We determine the equal of the active soil pressure on the 1m wall

T =

where: q = 10kN/m - pressure by 1m2 along the upper cut of the soil wall

Moment of equilibrium with respect to the center of gravity of the foundation sole surface:

Find eccentricity e = Mn/Nnf = 29.76/269.9 = 0, 11m

We determine the maximum pressure on the bottom of the foundation

The condition is not met, we accept the width of the foundation slab b = 1.6m (mass of the unit 2.15t; length of 2380mm unit).
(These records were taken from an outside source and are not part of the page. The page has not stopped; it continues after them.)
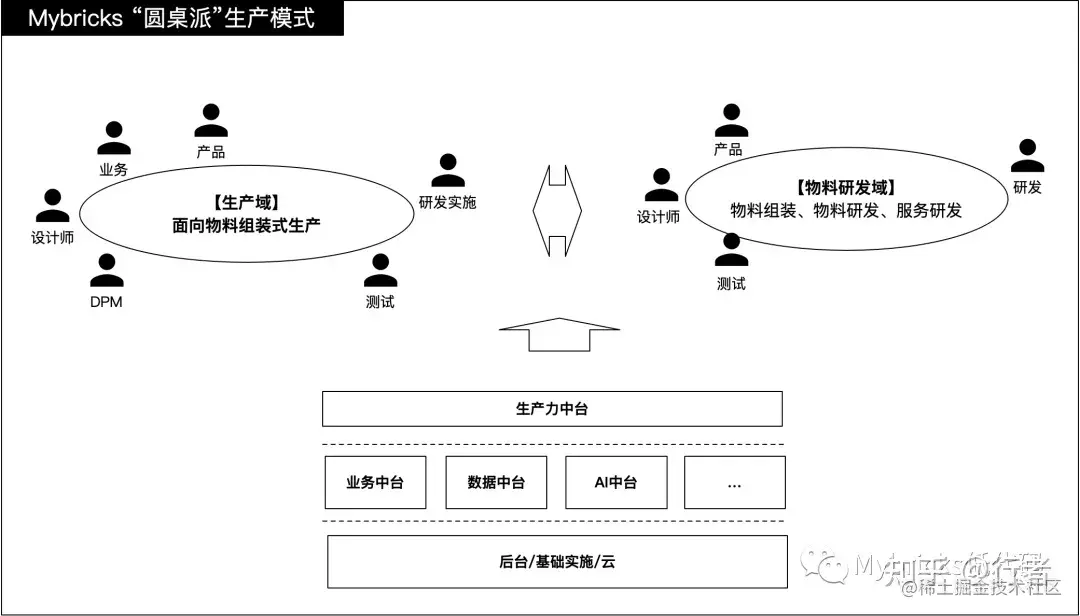 这些方面都指明了一个新的发展方向,即在中台的基础上再进一步优化协同方式,让业务人员有能力直接参与生产,中后台根据前台需要随时协作。与此同时,将原来的业务等待研发、串行化、接力赛式的生产过程转换为业务自己实施、并行化、圆桌派式的生产方式。
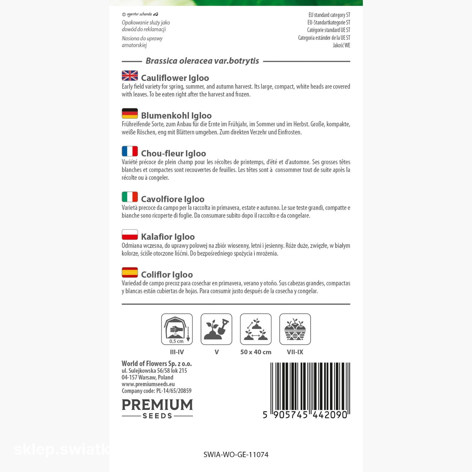 Kalafior Igloo preferuje stanowiska słoneczne lub lekko zacienione, z dobrze przepuszczalną i żyzną glebą. Regularne nawożenie organiczne oraz umiarkowane podlewanie są kluczowe dla uzyskania zdrowych i obfitych plonów. Gleba powinna być lekko kwaśna do obojętnej, co sprzyja zdrowemu wzrostowi roślin.
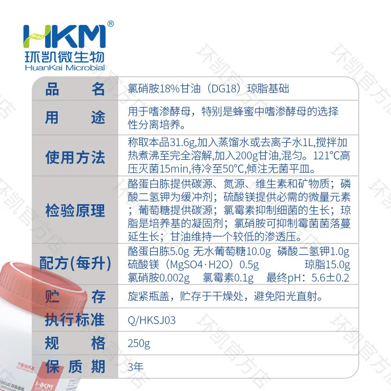021115 氯硝胺18%甘油(DG18)琼脂 BR 250g 环凯
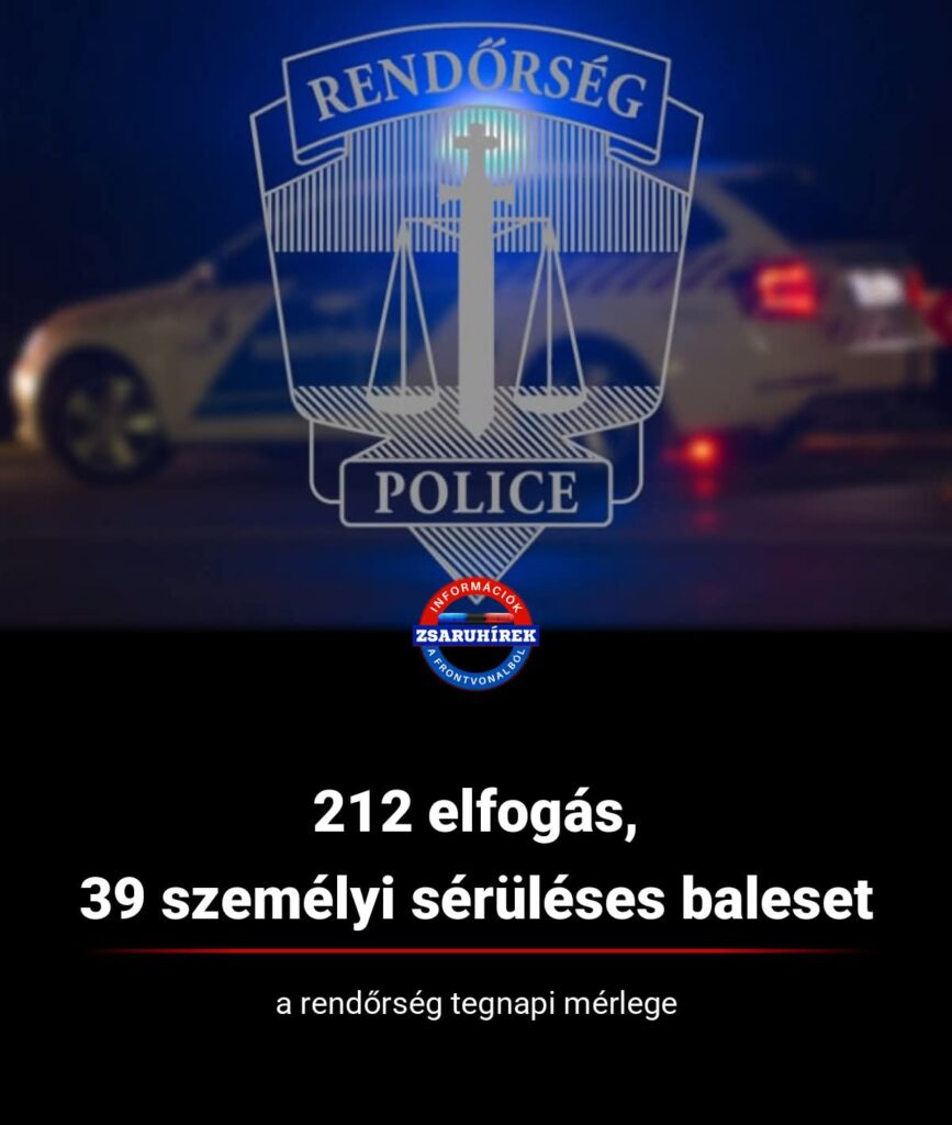 Magyarország területén a 2026. február 26-án összesen 39 személyi sérüléssel járó közúti közlekedési balesetnél intézkedtek a hatóságok. A balesetek kimenetelét tekintve szerencsére halálos tragédia nem történt: 12 eset súlyos, míg 27 könnyű sérüléssel végződött.A szolgálatot ellátó állomány összesen 212 személyt fogott el.65 főt bűncselekmény elkövetésén értek tetten.44 személyt az ellenük érvényben lévő körözés alapján kerítettek kézre.205 főt állítottak elő, közülük 84-et bűncselekmény elkövetésének gyanúja miatt.Ittas járművezetés gyanúja miatt 4 személlyel szemben intézkedtek.Biztonsági intézkedésre 87 esetben került sor.
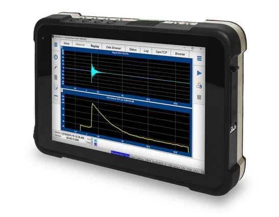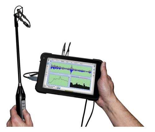 NoisePAD is a class of 4-channel real-time analyser for noise & vibration. The combination of a robust 8” tablet and analyser meets the standard MIL 810.
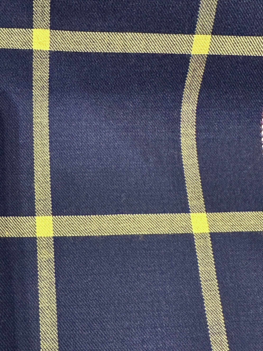 鮮やかなイエローチェックがネイビーのベースに映え、個性的な印象を与えます。

We determine the design soil resistance at the width of the foundation b = 1.6m

Mean pressure on foundation bottom

Checking the condition

The condition is met.

Find eccentricity e = Mn/Nnf = 29.76/279.08 = 0, 106m

We determine the maximum pressure on the bottom of the foundation

The condition is fulfilled, we finally accept the foundation slab of FL grade 16.24 (weight 2.15t; block length L = 2380mm; concrete volume 0.86m3).

5.3 Calculation of foundation slab for strength during pressing.

Design soil pressure under the foundation base Rgr = N/b =

= 299.37/1.6 = 187.11 kPa

Conventionally, the second side of the foundation a = 1m.

Transverse force in slab section at foundation block face:

Required height of plate section on the condition of strength in calculation for transverse force Q:

Design forcing force:

We check the condition:

Forcing strength is ensured.

We check the strength of concrete on the action of compressive forces:

Q = <

where (table 6.1 [3]).

Concrete strength is ensured.

5.4 Calculation of plate strength by normal section.

Moment occurring in section 1-1 at wall face (Fig. 5)

We determine the coefficient:

By tab. 4 Annexes we define 0.083; 0,961

Boundary value of relative height of compressed zone of concrete is determined by formula 7.5 [3].

where w = 0,850,0080,850,008∙10,67=0,765

(tab. 6.5 [3] for valves of class S400).

; the condition is met.

Reinforcement section area by 1 m of plate length:

According to the grade, we accept by 1 m the length of the unit 6 Ø12 S400 with a spacing of 200 mm and.

Transverse reinforcement is accepted by Ø5 S500 with spacing of 250 mm.